#### Directions
Repeat exactly the lines beginning at the one that contains "愛彼Royal Oak系列的受歡迎程度一向通殺,這次愛彼參加「Only Watch" and running to the end of the material. Omit the pictures.

#### Data shown
● ● ●
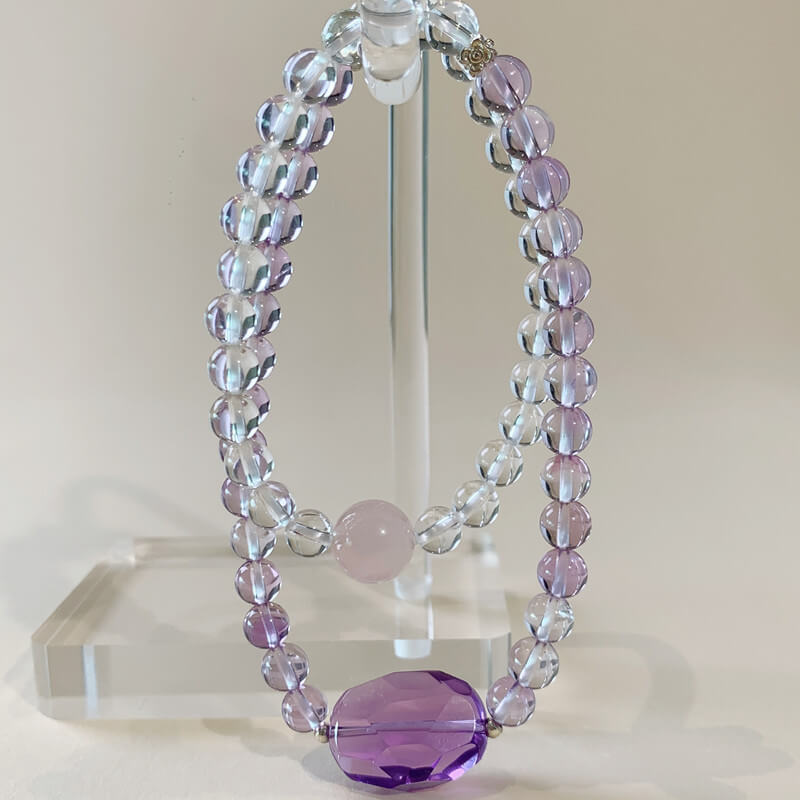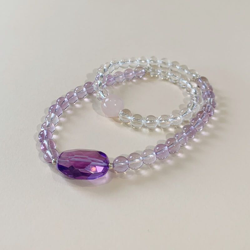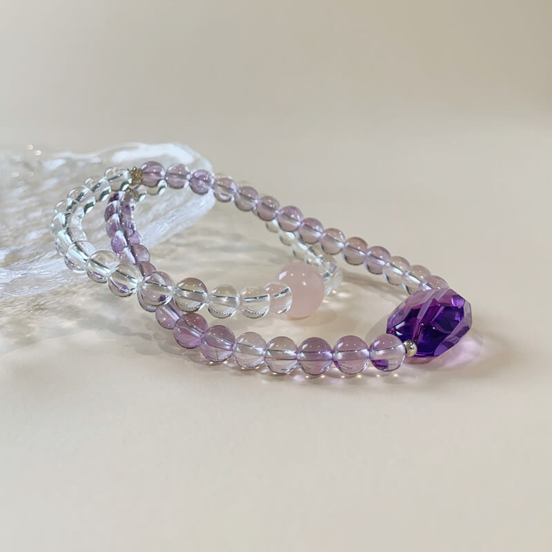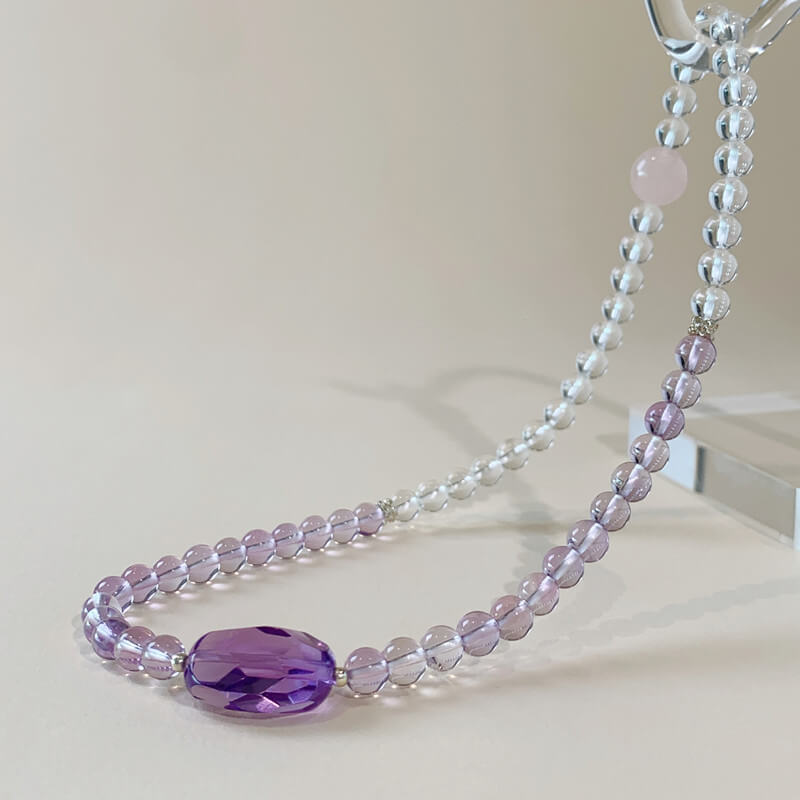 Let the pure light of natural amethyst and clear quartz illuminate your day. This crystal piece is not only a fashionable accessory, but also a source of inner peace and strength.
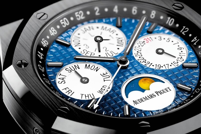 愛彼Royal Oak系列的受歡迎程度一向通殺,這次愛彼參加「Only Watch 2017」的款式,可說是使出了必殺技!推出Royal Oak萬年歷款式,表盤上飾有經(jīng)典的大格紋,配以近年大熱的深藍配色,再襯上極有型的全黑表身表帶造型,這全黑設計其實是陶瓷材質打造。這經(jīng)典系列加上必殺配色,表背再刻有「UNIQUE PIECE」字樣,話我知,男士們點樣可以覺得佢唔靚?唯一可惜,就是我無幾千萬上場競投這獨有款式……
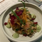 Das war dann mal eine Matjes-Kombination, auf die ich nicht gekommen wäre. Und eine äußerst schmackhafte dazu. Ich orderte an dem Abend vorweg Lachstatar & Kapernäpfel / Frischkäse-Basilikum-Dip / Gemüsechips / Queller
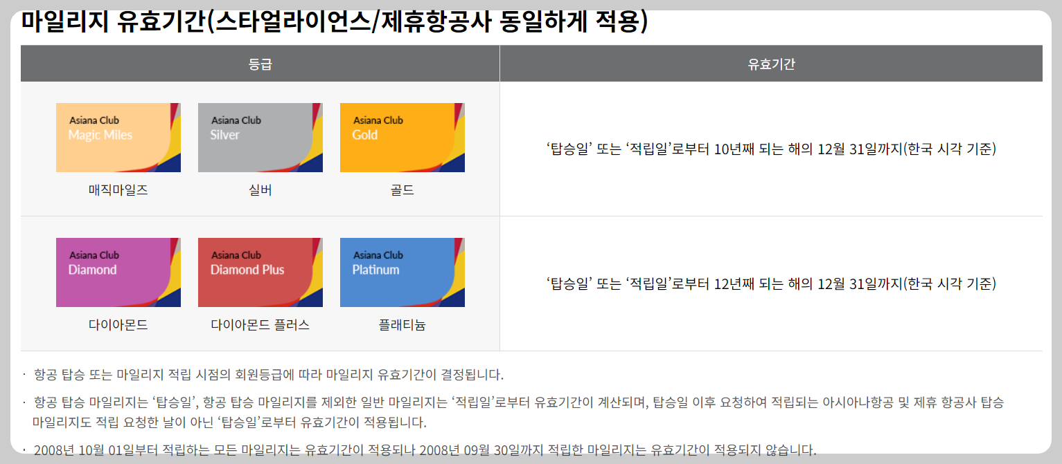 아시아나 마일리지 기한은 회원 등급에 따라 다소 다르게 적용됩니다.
● ● ●
#### Answer box
 愛彼Royal Oak系列的受歡迎程度一向通殺,這次愛彼參加「Only Watch 2017」的款式,可說是使出了必殺技!推出Royal Oak萬年歷款式,表盤上飾有經(jīng)典的大格紋,配以近年大熱的深藍配色,再襯上極有型的全黑表身表帶造型,這全黑設計其實是陶瓷材質打造。這經(jīng)典系列加上必殺配色,表背再刻有「UNIQUE PIECE」字樣,話我知,男士們點樣可以覺得佢唔靚?唯一可惜,就是我無幾千萬上場競投這獨有款式……
 Das war dann mal eine Matjes-Kombination, auf die ich nicht gekommen wäre. Und eine äußerst schmackhafte dazu. Ich orderte an dem Abend vorweg Lachstatar & Kapernäpfel / Frischkäse-Basilikum-Dip / Gemüsechips / Queller
 아시아나 마일리지 기한은 회원 등급에 따라 다소 다르게 적용됩니다.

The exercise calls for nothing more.